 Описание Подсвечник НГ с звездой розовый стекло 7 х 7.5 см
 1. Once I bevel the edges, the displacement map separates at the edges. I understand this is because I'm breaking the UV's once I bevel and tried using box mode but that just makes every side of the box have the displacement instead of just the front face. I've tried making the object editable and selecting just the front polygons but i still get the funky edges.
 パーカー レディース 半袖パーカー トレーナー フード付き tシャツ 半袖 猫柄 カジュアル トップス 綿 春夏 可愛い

---

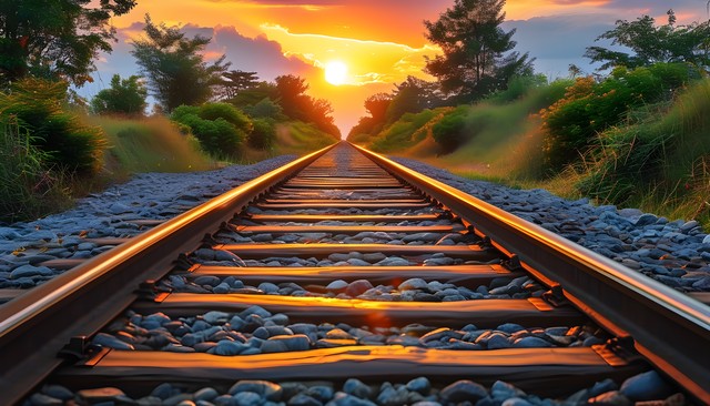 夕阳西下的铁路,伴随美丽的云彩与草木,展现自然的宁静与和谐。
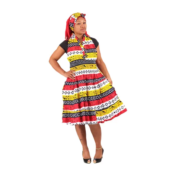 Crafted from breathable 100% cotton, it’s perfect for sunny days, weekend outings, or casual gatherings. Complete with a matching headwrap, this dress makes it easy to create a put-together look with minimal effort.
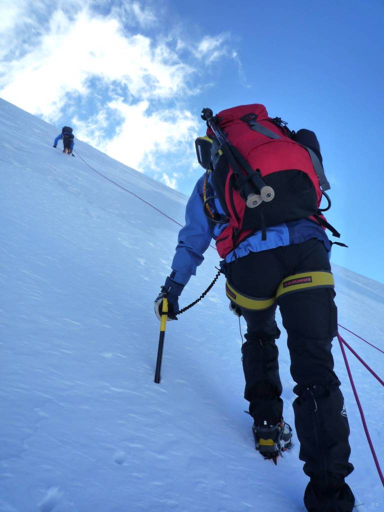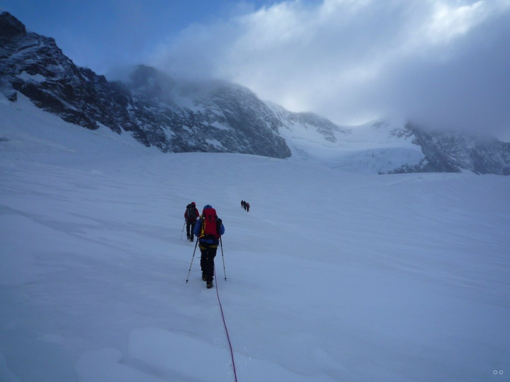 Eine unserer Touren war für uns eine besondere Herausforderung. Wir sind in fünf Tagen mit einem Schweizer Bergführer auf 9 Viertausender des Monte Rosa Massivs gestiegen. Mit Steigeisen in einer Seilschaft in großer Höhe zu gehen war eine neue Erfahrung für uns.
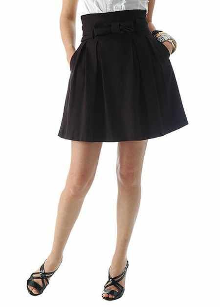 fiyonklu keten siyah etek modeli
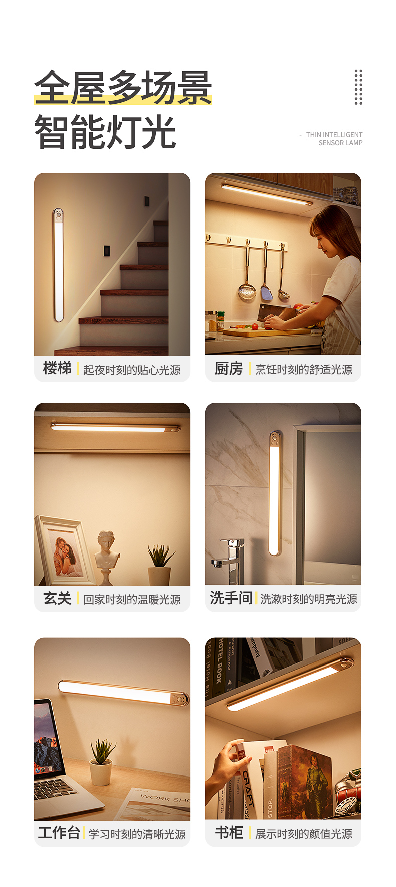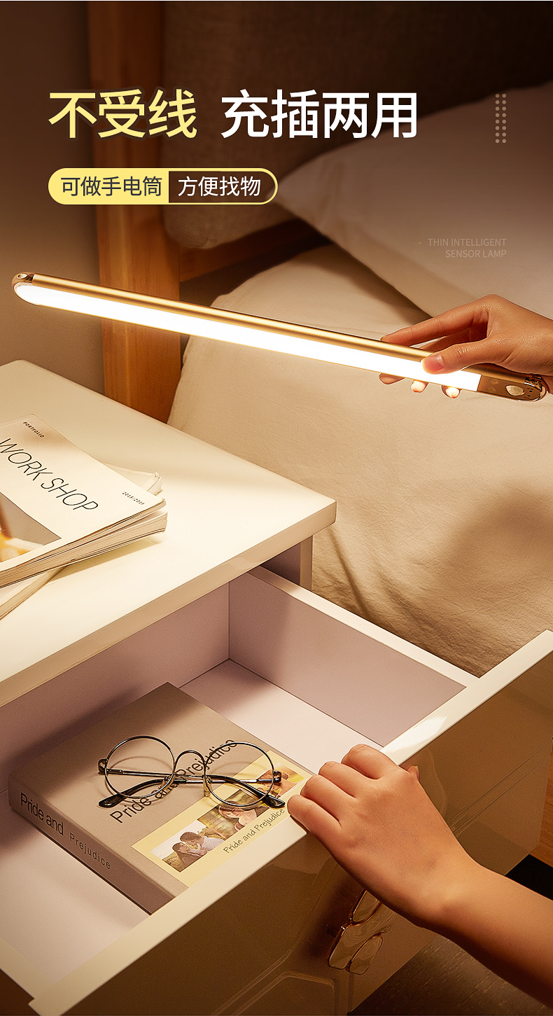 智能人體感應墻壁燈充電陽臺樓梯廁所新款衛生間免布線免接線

* * *

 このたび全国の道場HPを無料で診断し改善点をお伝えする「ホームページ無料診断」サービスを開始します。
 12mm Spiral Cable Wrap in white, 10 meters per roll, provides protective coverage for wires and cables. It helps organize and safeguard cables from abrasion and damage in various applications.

WORK ITEM:
Which lines above run from the one containing "このたび全国の道場HPを無料" down to the one containing "12mm Spiral Cable"? Repeat exactly those, both ends included, and nothing else.

EXERCISE RESULT:
 このたび全国の道場HPを無料で診断し改善点をお伝えする「ホームページ無料診断」サービスを開始します。
 12mm Spiral Cable Wrap in white, 10 meters per roll, provides protective coverage for wires and cables. It helps organize and safeguard cables from abrasion and damage in various applications.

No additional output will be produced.